Comment 79•10 years ago
|
||
From chatting with :tn over the weekend, the intrinsic size and ratio in nsImageFrame are the same in both the good and bad cases. In addition, the values in Decoder::PostSize are the same for both cases. The execution order up until painting is also the same.
Only in the bad case, after we decode the images and decide their sizes, do we start failing due to the mComputedSize.height being 0 at nsImageFrame::BuildDisplayList.
Comment 80•10 years ago
|
||
More logging - https://dxr.mozilla.org/mozilla-central/source/layout/generic/nsImageFrame.cpp?from=nsImageFrame.cpp#857
The aReflowState passed into nsImageFrame::Reflow is always 0, 0. I'm not sure why the height in the frame tree is 0 but the width is non-zero now. Also, the image does not have a fixed size in both the good and the case case. [1]
[1] https://dxr.mozilla.org/mozilla-central/source/layout/generic/nsImageFrame.cpp?from=nsImageFrame.cpp#871
Comment 81•10 years ago
|
||
If the computed size thats passed down is wrong, then it looks like it comes from nsImageFrame::ComputeSize, so logging that would be useful.
Comment 82•10 years ago
|
||
I saw a different size for blockHtmlRS.ComputedWidth() and blockHtmlRS.ComputedHeight() passing at [1].
The size in good case is (1500,1500), and the failed case is (0,0).
Still add more log in nsBlockFrame::ReflowBlockFrame().
[1]
https://hg.mozilla.org/mozilla-central/annotate/0b3c520002ad/layout/generic/nsBlockFrame.cpp#l3358
Comment 83•10 years ago
|
||
From irc, changing nsImageFrame to reflow if mIntrinsicSize changed at [1][2] did not change the results.
Neither did always invalidating the frame at [3].

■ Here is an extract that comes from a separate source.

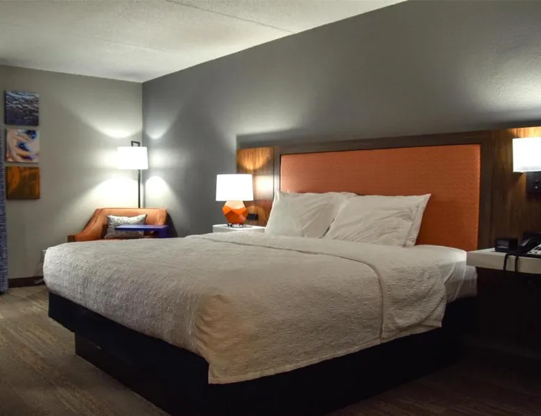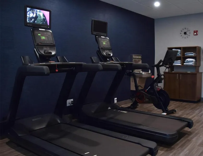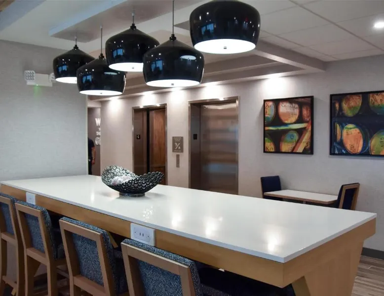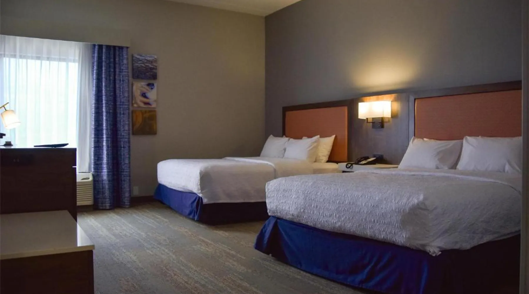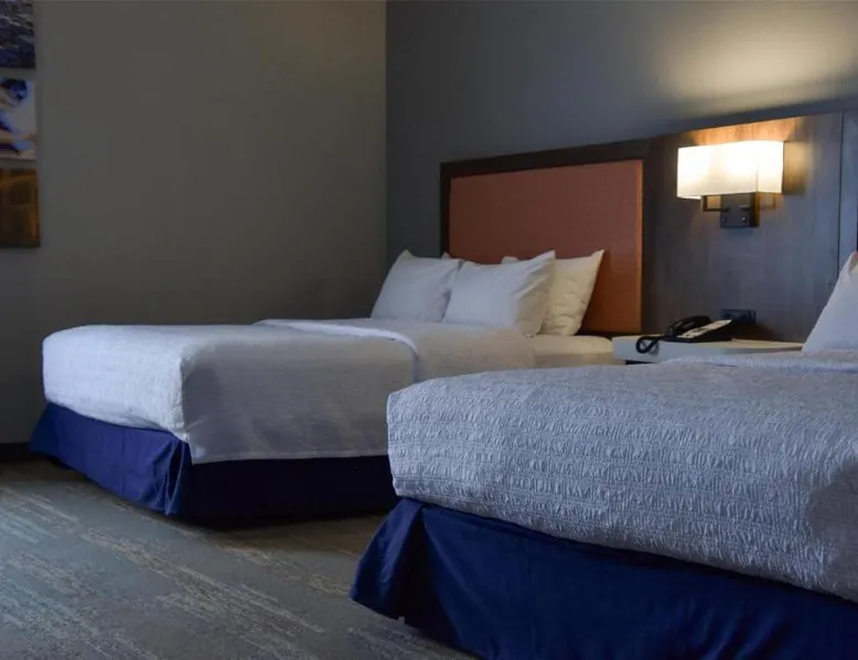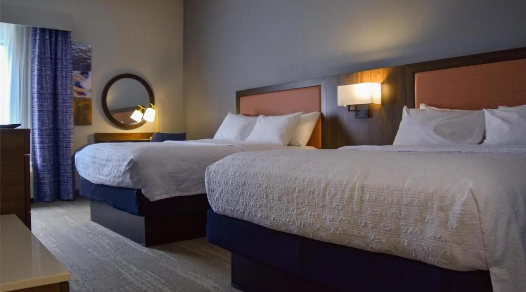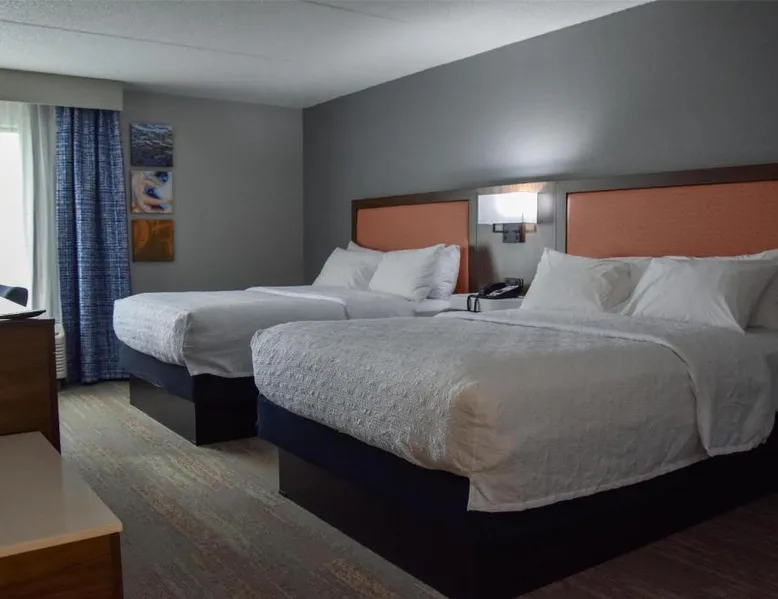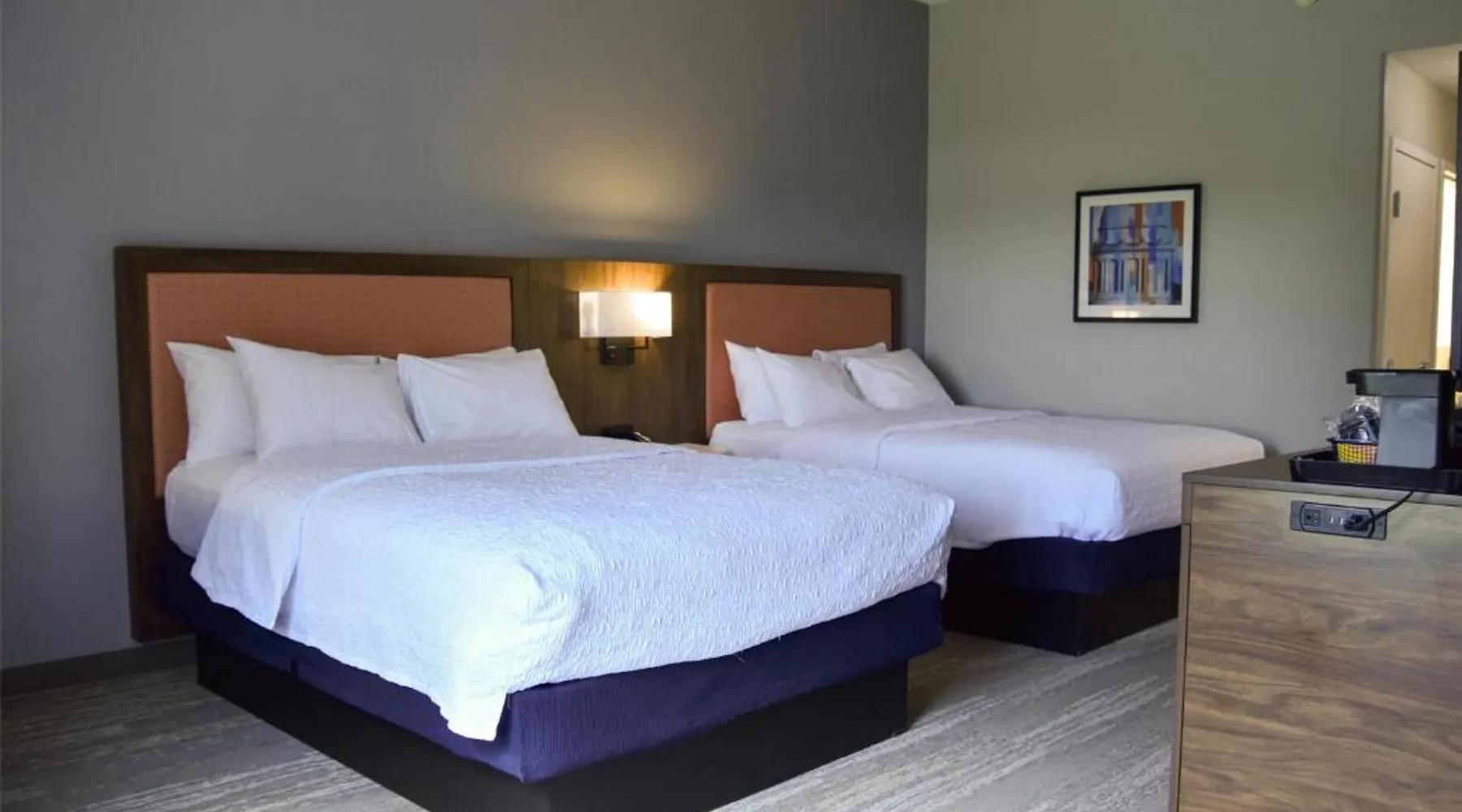Comfortable Accommodations: Hampton Inn Frankfort in Frankfort offers family rooms with air-conditioning, free WiFi, and amenities such as a tea and coffee maker, hairdryer, sofa bed, refrigerator, free toiletries, microwave, and TV. Leisure Facilities: Guests can enjoy a seasonal outdoor swimming pool and a fitness room. The hotel provides free on-site parking and a 24-hour front desk. Convenient Location: Located 21 mi from Blue Grass Airport, the property is near attractions like Keeneland Race Course (22 mi), Lexington McConnell Springs (25 mi), and Kentucky State University (5 mi). Guest Favorites: Guests appreciate the breakfast provided by the property, the attentive staff, and the convenient location. The quadruple room offers air conditioning, a tea and coffee maker, heating, as well as a flat-screen TV with cable channels. The unit has 2 beds.

[1] https://dxr.mozilla.org/mozilla-central/source/layout/generic/nsImageFrame.cpp?from=nsImageFrame.cpp#585
[2] https://dxr.mozilla.org/mozilla-central/source/layout/generic/nsImageFrame.cpp?from=nsImageFrame.cpp#694
[3] https://dxr.mozilla.org/mozilla-central/source/layout/generic/nsImageFrame.cpp?from=nsImageFrame.cpp#702
Comment 84•10 years ago
|
||
Corresponding good version to attachment 8572173 [details].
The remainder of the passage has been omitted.